**DIRECTIONS FOR THIS TASK:** The output should be every line below, retyped exactly, with no images.

**RECORDED DATA:**
- Opening Delimiter -
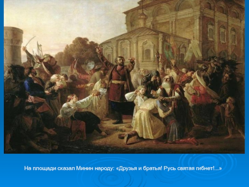 На площади сказал Минин народу: «Друзья и братья! Русь святая
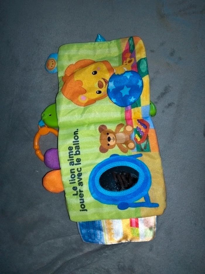 Livre tissu musical/sonore Différents volume de son Avec crochet pour mettre à la poussette, transat,lit Piles non fournies En très bon état
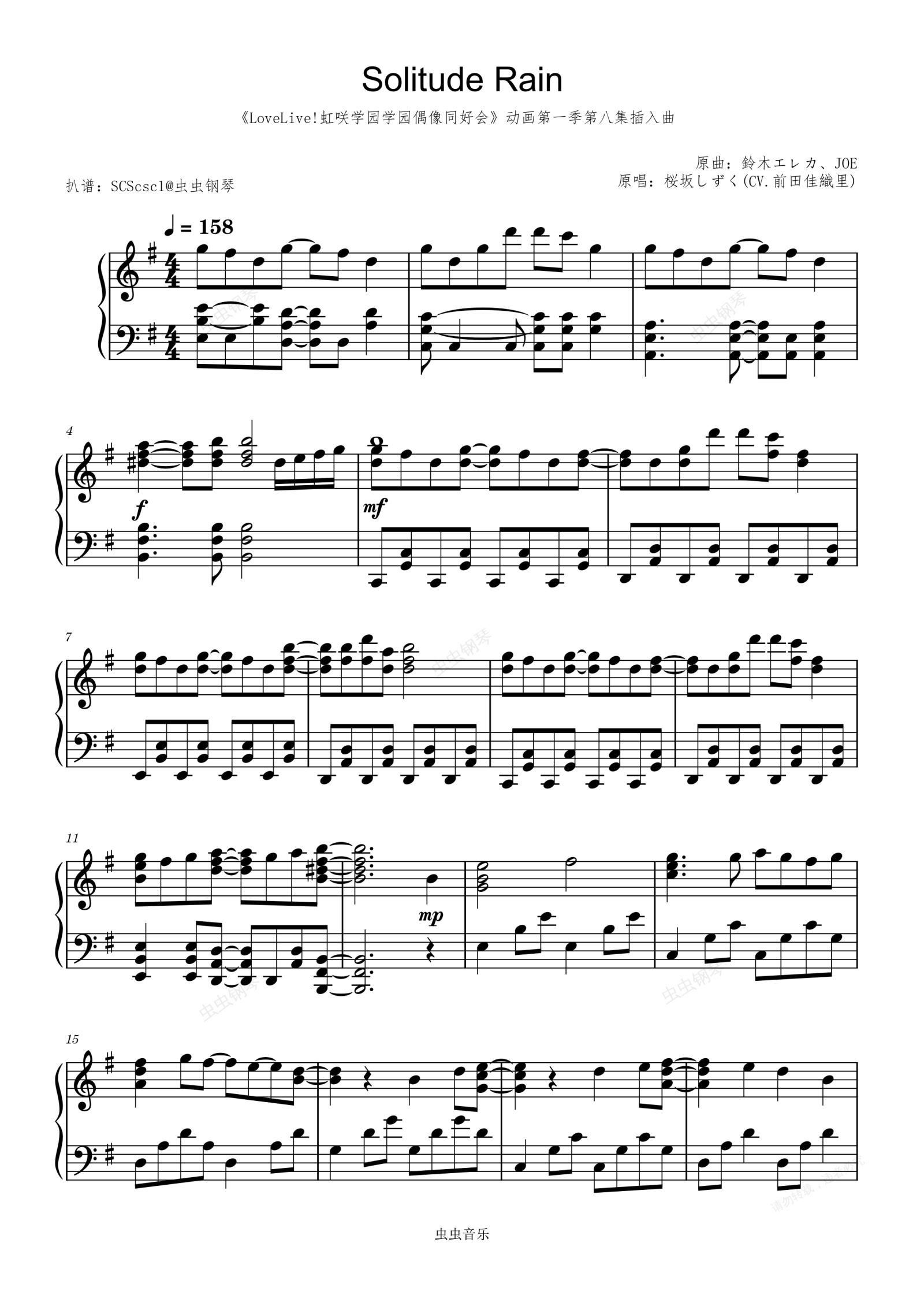 钢琴谱:LoveLive!虹咲学园第一季第八集插曲-Solitude Rain完整版
- Closing Delimiter -
**COMPLETED EXERCISE:**
 На площади сказал Минин народу: «Друзья и братья! Русь святая
 Livre tissu musical/sonore Différents volume de son Avec crochet pour mettre à la poussette, transat,lit Piles non fournies En très bon état
 钢琴谱:LoveLive!虹咲学园第一季第八集插曲-Solitude Rain完整版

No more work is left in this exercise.